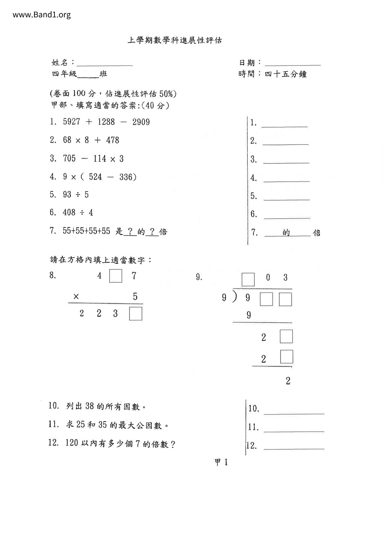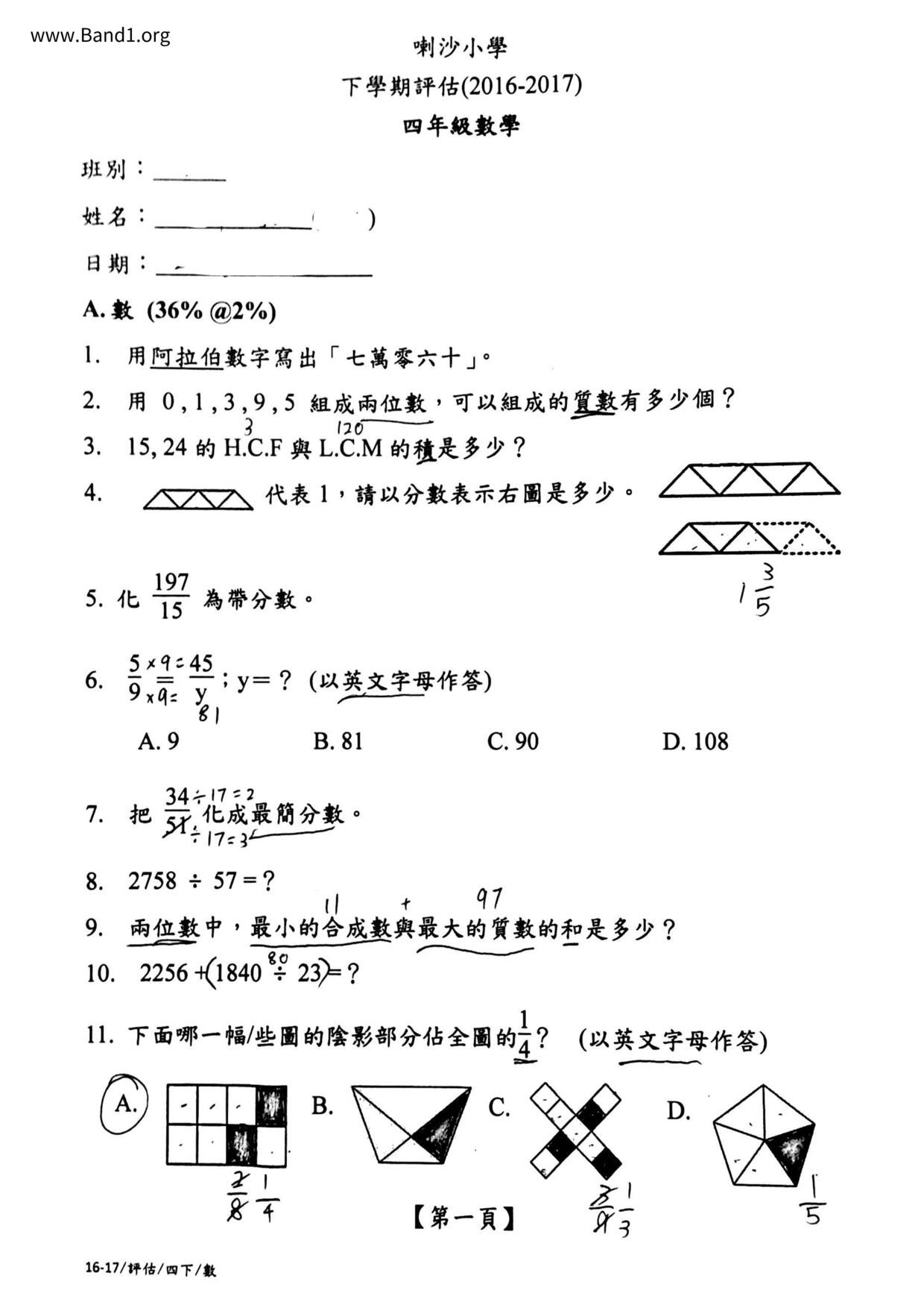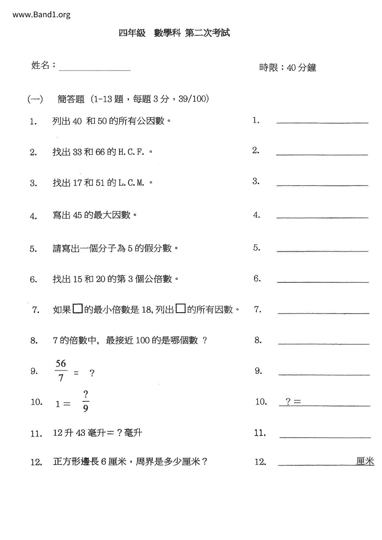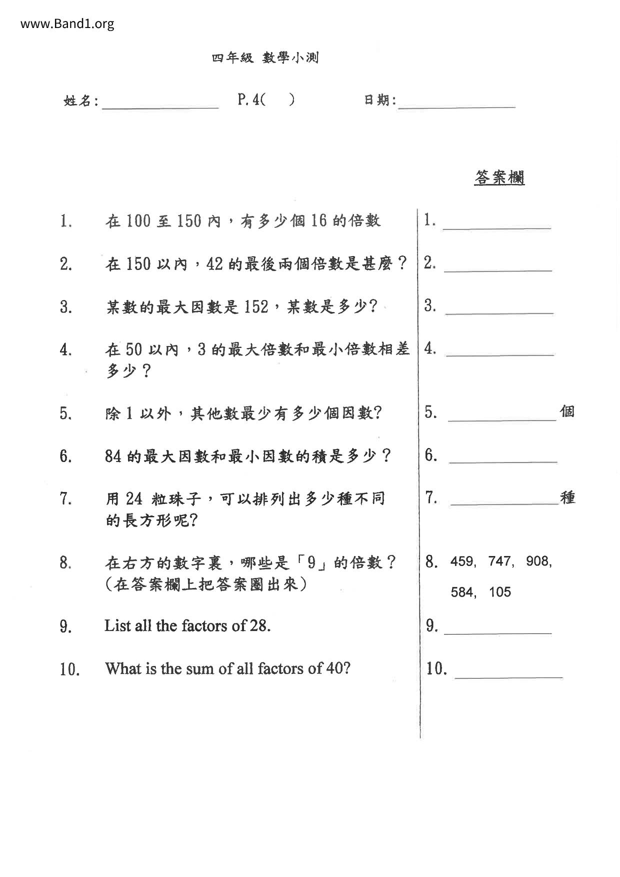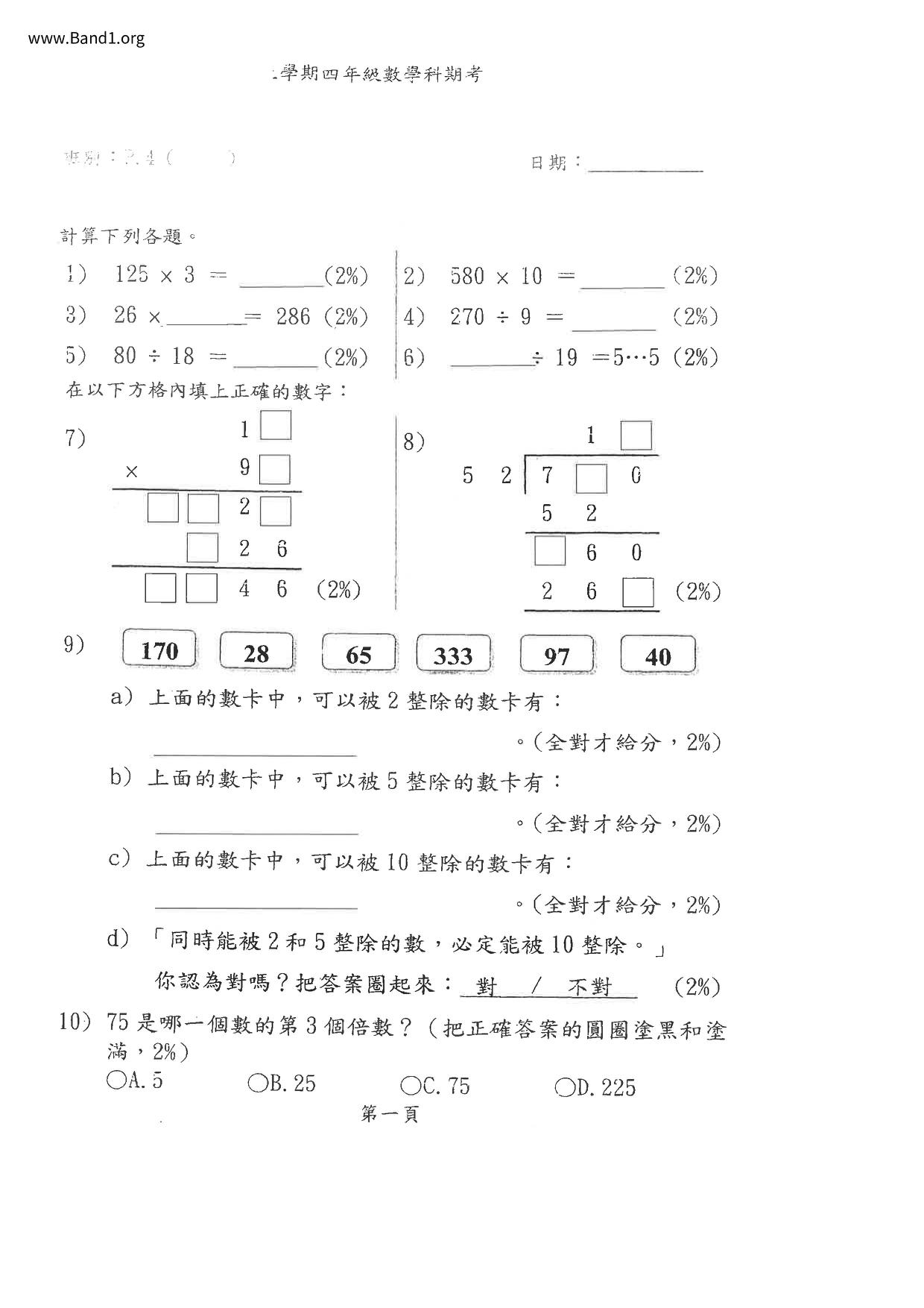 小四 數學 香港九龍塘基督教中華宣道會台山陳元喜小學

****

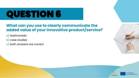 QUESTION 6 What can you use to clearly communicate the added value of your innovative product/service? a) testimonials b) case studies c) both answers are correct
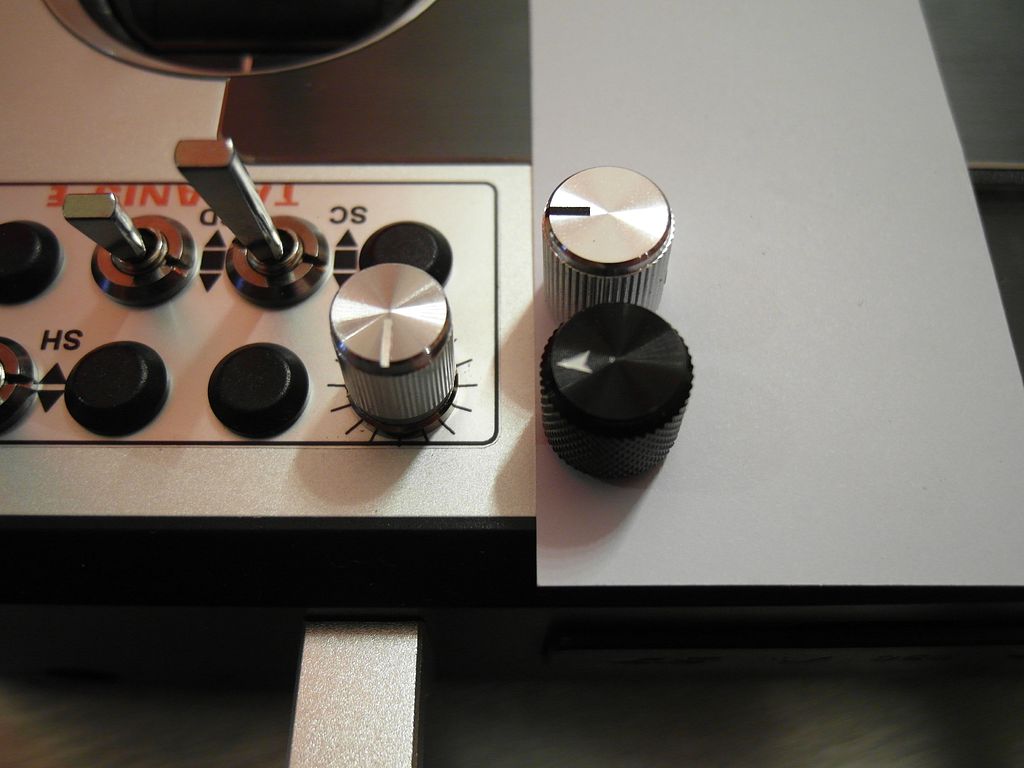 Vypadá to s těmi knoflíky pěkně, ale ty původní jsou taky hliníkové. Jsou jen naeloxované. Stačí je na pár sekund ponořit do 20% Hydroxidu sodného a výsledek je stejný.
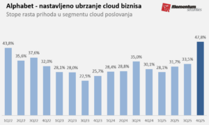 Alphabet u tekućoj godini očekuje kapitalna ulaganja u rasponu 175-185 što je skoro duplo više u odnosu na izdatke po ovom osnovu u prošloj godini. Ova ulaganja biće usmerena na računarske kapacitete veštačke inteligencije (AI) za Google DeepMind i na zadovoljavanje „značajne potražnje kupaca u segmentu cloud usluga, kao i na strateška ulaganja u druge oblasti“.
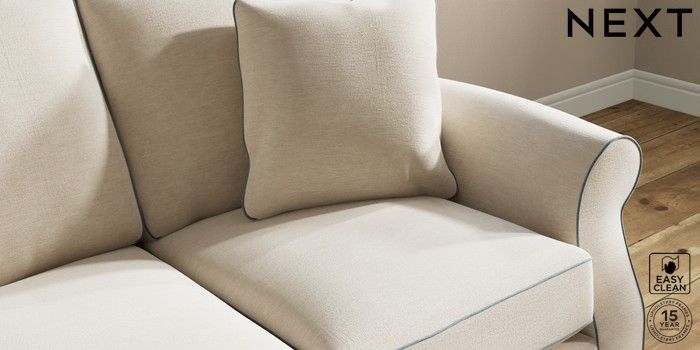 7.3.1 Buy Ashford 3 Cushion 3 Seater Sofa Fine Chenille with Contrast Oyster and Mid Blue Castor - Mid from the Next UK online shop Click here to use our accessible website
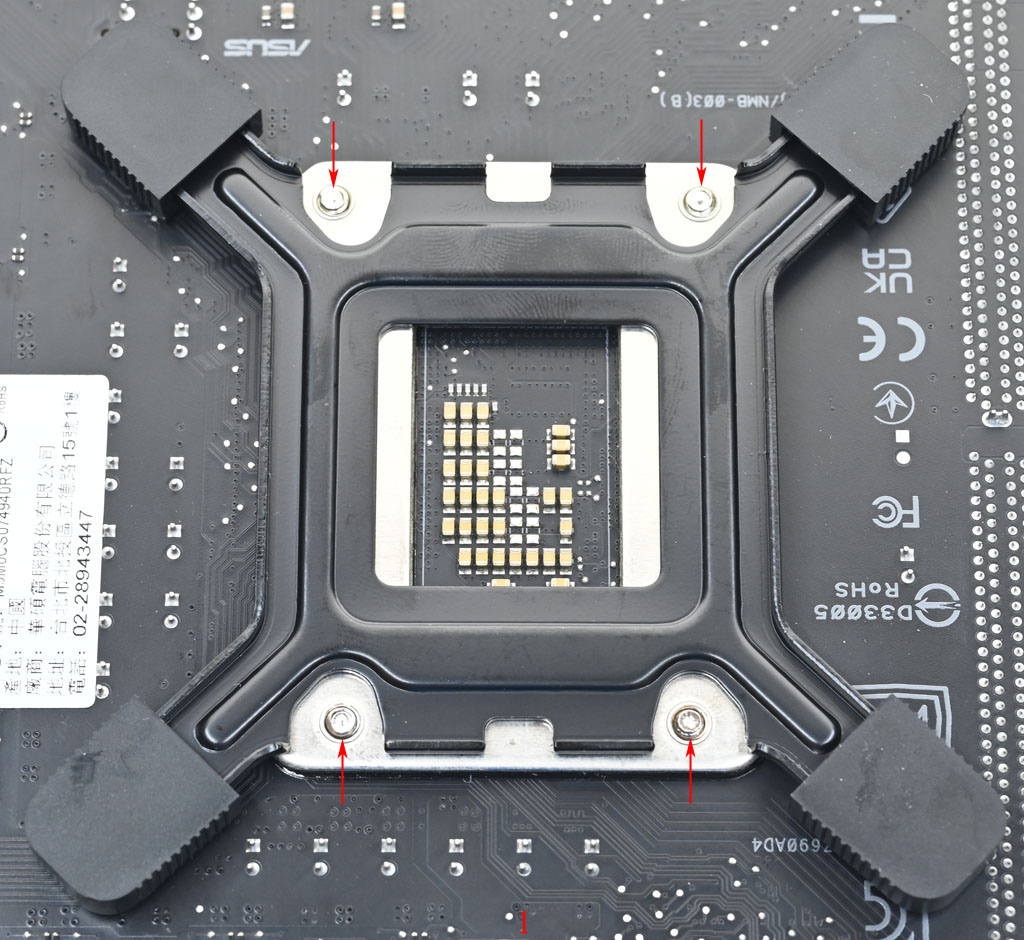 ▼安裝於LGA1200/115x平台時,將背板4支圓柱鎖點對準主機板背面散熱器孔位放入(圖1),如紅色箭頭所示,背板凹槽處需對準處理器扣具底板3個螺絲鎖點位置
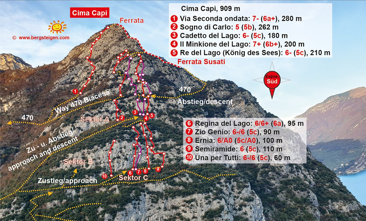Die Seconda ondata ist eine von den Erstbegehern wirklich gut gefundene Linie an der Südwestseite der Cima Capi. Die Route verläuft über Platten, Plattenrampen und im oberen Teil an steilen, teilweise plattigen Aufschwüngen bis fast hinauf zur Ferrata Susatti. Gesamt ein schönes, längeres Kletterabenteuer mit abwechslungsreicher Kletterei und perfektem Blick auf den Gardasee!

****

Task to complete: Would you write out exactly the lines above, starting at the line containing "Alphabet u tekućoj" and stopping after the line containing "Die Seconda ondata"? Omit the pictures.

Answer box:
 Alphabet u tekućoj godini očekuje kapitalna ulaganja u rasponu 175-185 što je skoro duplo više u odnosu na izdatke po ovom osnovu u prošloj godini. Ova ulaganja biće usmerena na računarske kapacitete veštačke inteligencije (AI) za Google DeepMind i na zadovoljavanje „značajne potražnje kupaca u segmentu cloud usluga, kao i na strateška ulaganja u druge oblasti“.
 7.3.1 Buy Ashford 3 Cushion 3 Seater Sofa Fine Chenille with Contrast Oyster and Mid Blue Castor - Mid from the Next UK online shop Click here to use our accessible website
 ▼安裝於LGA1200/115x平台時,將背板4支圓柱鎖點對準主機板背面散熱器孔位放入(圖1),如紅色箭頭所示,背板凹槽處需對準處理器扣具底板3個螺絲鎖點位置
Die Seconda ondata ist eine von den Erstbegehern wirklich gut gefundene Linie an der Südwestseite der Cima Capi. Die Route verläuft über Platten, Plattenrampen und im oberen Teil an steilen, teilweise plattigen Aufschwüngen bis fast hinauf zur Ferrata Susatti. Gesamt ein schönes, längeres Kletterabenteuer mit abwechslungsreicher Kletterei und perfektem Blick auf den Gardasee!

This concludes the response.